ASSIGNMENT: Could you output each line below precisely as it stands, without the images?

PROVIDED DATA:
- Opening Delimiter -
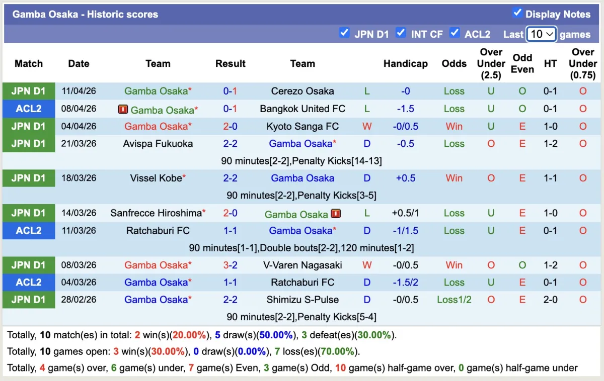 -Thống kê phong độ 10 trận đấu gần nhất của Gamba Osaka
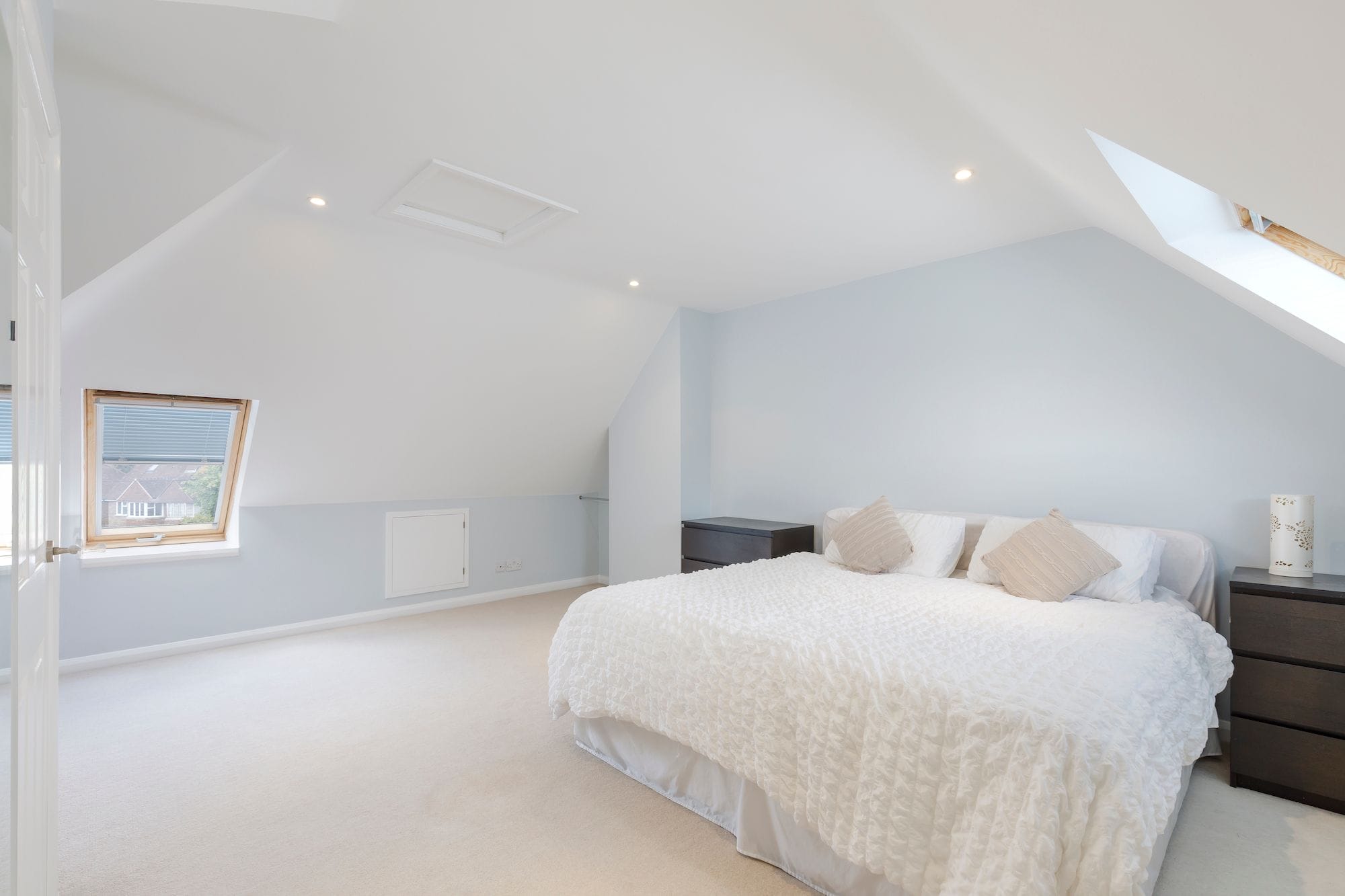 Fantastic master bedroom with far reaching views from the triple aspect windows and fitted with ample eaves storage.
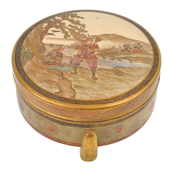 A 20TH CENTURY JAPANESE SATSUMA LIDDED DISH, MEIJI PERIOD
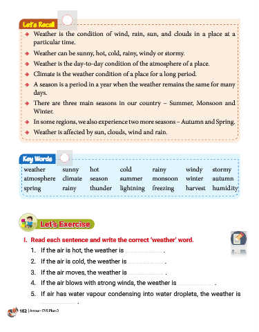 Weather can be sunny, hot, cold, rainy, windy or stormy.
- Closing Delimiter -
SOLUTION TO THE PROBLEM:
 -Thống kê phong độ 10 trận đấu gần nhất của Gamba Osaka
 Fantastic master bedroom with far reaching views from the triple aspect windows and fitted with ample eaves storage.
 A 20TH CENTURY JAPANESE SATSUMA LIDDED DISH, MEIJI PERIOD
 Weather can be sunny, hot, cold, rainy, windy or stormy.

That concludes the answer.